You can go further and watch not only is Favorite, but also the title. This will save us from overriding setDocument :, but it will deal with another inconvenience of KVO:
@implementation ETRDocumentCell - (void)awakeFromNib { [super awakeFromNib]; [self addObserver:self forKeyPath:@"document.isFavorite" options:0 context:NULL]; [self addObserver:self forKeyPath:@"document.title" options:0 context:NULL]; } - (void)dealloc { [self removeObserver:self forKeyPath:@"document.isFavorite"]; [self removeObserver:self forKeyPath:@"document.title"]; } - (void)toggleIsFavorite { self.document.isFavorite = !self.document.isFavorite; } - (void)observeValueForKeyPath:(NSString *)keyPath ofObject:(id)object change:(NSDictionary *)change context:(void *)context { if ([keyPath isEqualToString:@"document.isFavorite"]) { self.isFavoriteButton.selected = self.document.isFavorite; } else if ([keyPath isEqualToString:@"document.title"]) { self.titleLabel.text = self.document.title; } } @end Old (but not very kind) case analysis in one method with string comparison duplicated in two other places.

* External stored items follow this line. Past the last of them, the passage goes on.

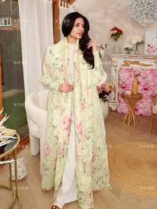 中东跨境阿拜亚开衫外套三宅褶皱印花长袖披风沙特阿拉伯大码女装
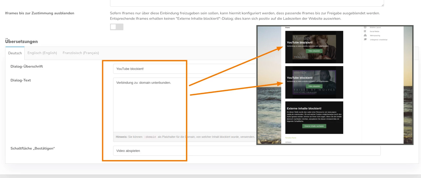 - NEW - IFrame blocker: Iframe domains are forgotten as soon as the cookie dialog is saved again without "Accept all"
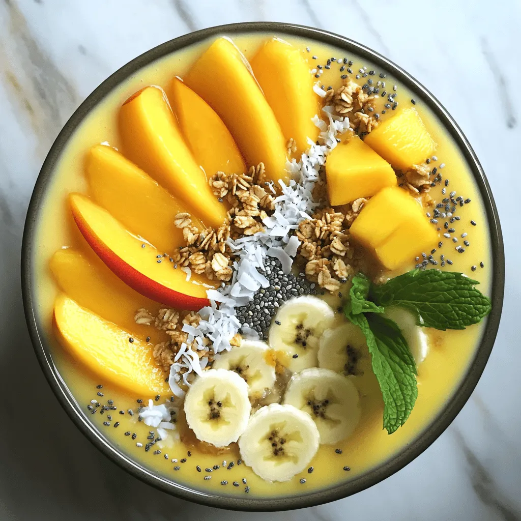 You can add a fun twist to your Peach Mango Smoothie Bowl. Try mixing in pineapple or coconut. Both fruits bring a sweet and tangy flavor. They also add a tropical vibe that brightens your bowl. You might want to experiment with other tropical fruits too. Kiwi, passionfruit, or even papaya can change the taste. Each fruit adds its own charm. Don’t be afraid to mix and match!
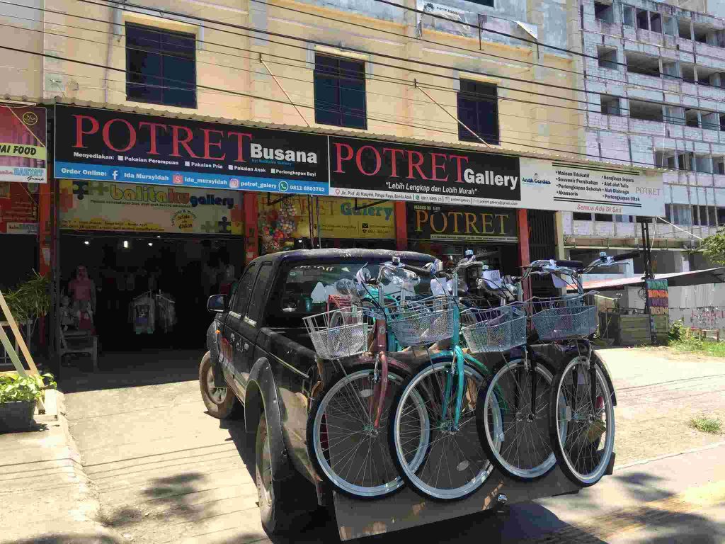 Pagi-pagi kami mulai meminjam pompa di Bengkel Sepeda Apa Raoh dan memompa ban sampai keras. Berangkatlah kami ada empat sepeda, Yadi, Midi dan Amat.
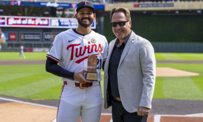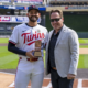 Sep 15, 2024; Minneapolis, Minnesota, USA; Minnesota Twins pitcher Pablo López (49) poses for a photo with Minnesota Twins executive President of Baseball Operations Derek Falvey...
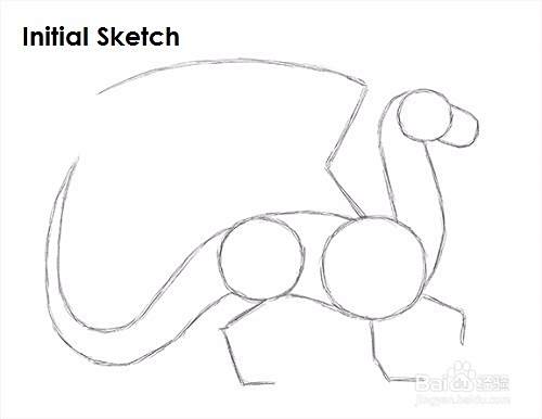 第7步:在身体的顶部画一条斜线作为龙的翅膀的指导。

This is not only ugly, but fraught with errors, like any other "copy-paste".
We could stop at this, hoping that nothing bad will happen and everything will work. And now it really will work. But sooner or later, something bad may still happen, and after a couple of hours in the debugger, we will be entrenched in the conviction that it is better not to get involved with KVO.
What can happen? Let's slightly complicate our example and suppose that we decided to make another table for displaying our documents, but with slightly more “clever” cells, which will also contain the document title and the same button, but along with other changes, the background color will change depending on whether the document is a favorite.
So that the work already done is not in vain, we decide to inherit a new cell from the old one.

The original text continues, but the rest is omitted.